There are exceptions to the law of diminishing marginal utility. Most of these are cases where an additional unit of material resource pushes someone over some important threshold. For example, consider the meal or pill or gulp of air that saves someone's life, or the car whose acquisition pushes the competitive collector into first place. In such cases, the unit that puts the person over the threshold is surely as beneficial to that person as any prior unit was. Still, as a general rule, material resources do have diminishing marginal utility.

To the assumption that material resources have diminishing marginal utility, let us add the assumption that different people generally get roughly the same benefits from the same material resources. Again, there are exceptions. If you live in a freezing climate and I live in a hot climate, then you would benefit much more from a warm coat than I would.

But suppose we live in the same place, which has freezing winters, good paths for riding bicycles, and no public transportation. And suppose you have ten bicycles and ten coats (though you are not vying for some bicycle- or coat-collector prize). Meanwhile, I am so poor that I have none. Then, redistributing one of your bicycles and one of your coats to me will probably harm you less than it will benefit me. This sort of phenomenon pervades societies where resources are unequally distributed. Wherever the phenomenon occurs, a fundamentally impartial morality is under pressure to redistribute resources from the richer to the poorer.

It is a familiar truth of everyday life that greater wealth for an individual is no guarantee of greater welfare for that individual. It is also true that a society with greater overall wealth divided by the number of people in the society (roughly, higher per capita GDP) may not be better off in utilitarian terms than a society with less overall wealth divided by the number of its people (roughly, lower per capita GDP). Often the reason that the richer society does not contain greater overall welfare is that its resources are very unequally distributed and the worse off lack the resources for basic needs such as food, shelter, health care, and education.

However, there are also contingent but pervasive facts about human beings that pull in favor of practices that have the foreseen consequence of material inequality. First of all, higher levels of overall welfare can require higher levels of productivity (think of the welfare gains resulting from improvements in agricultural productivity).
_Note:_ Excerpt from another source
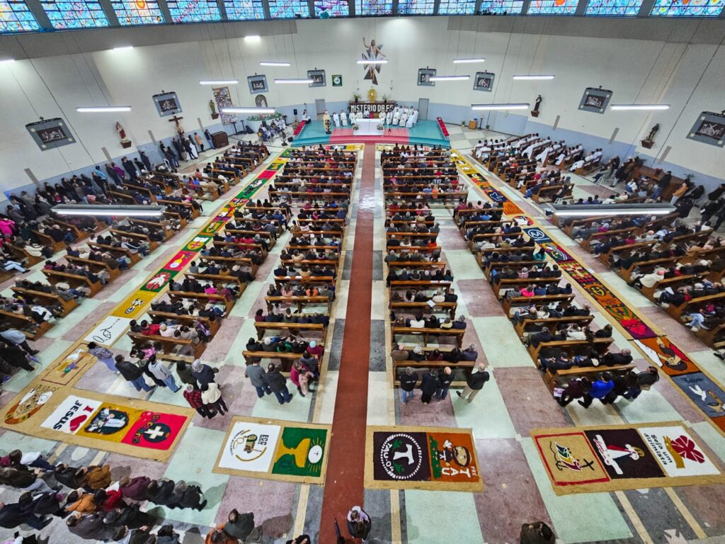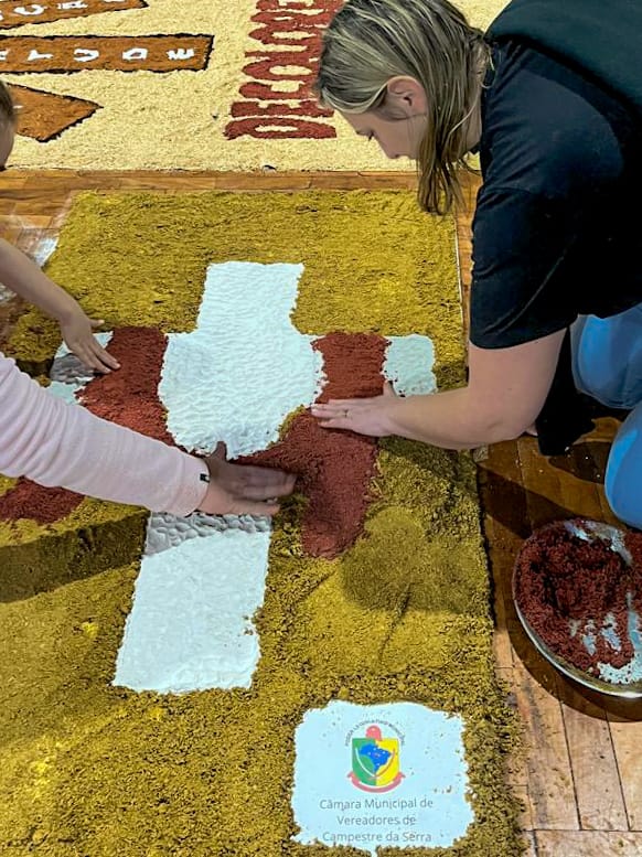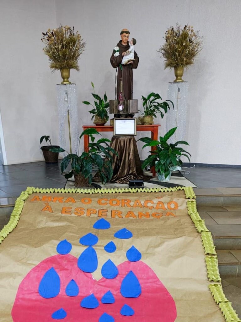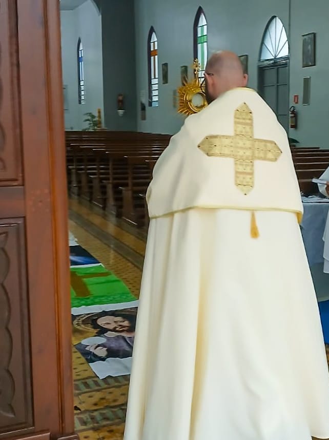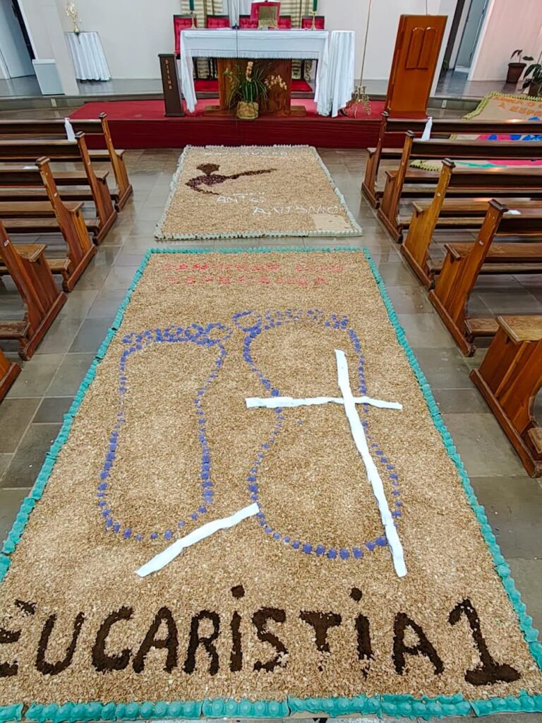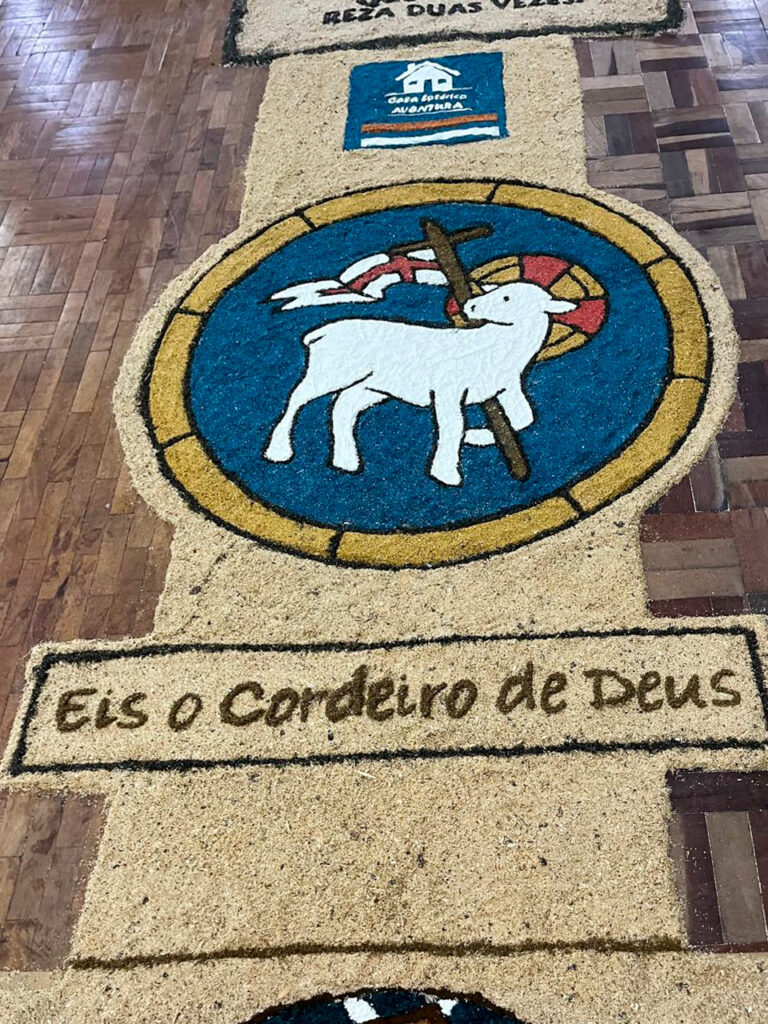 Em Lagoa Vermelha, a Paróquia Santo Antônio celebrou Corpus Christi com grande empenho. A comunidade começou a preparar os tapetes dias antes, com dedicação e criatividade. O tema deste ano, “Jubileu 2025 – Peregrinos da Esperança”, orientou a confecção, trazendo símbolos do caminho de fé e da presença viva da Eucaristia. Além disso, houve preocupação ambiental: muitos dos materiais foram reciclados, em sintonia com a Campanha da Fraternidade – Fraternidade e Ecologia Integral. Apesar da chuva ter impedido a procissão externa, a beleza e força espiritual permaneceram intactas, com o Santíssimo conduzido pelo frei Sérgio Dal Moro.

In many areas of the economy, the provision of material rewards for greater productivity seems the most efficient acceptable way of eliciting higher productivity. Some individuals and groups will be more productive than others (especially if there are incentive schemes). So the practice of providing material rewards for greater productivity will result in material inequality.

Thus, on the one hand, the diminishing marginal utility of material resources exerts pressure in favor of more equal distributions of resources. On the other hand, the need to promote productivity exerts pressure in favor of incentive schemes that have the foreseen consequence of material inequality. Utilitarians and most other consequentialists find themselves balancing these opposed pressures.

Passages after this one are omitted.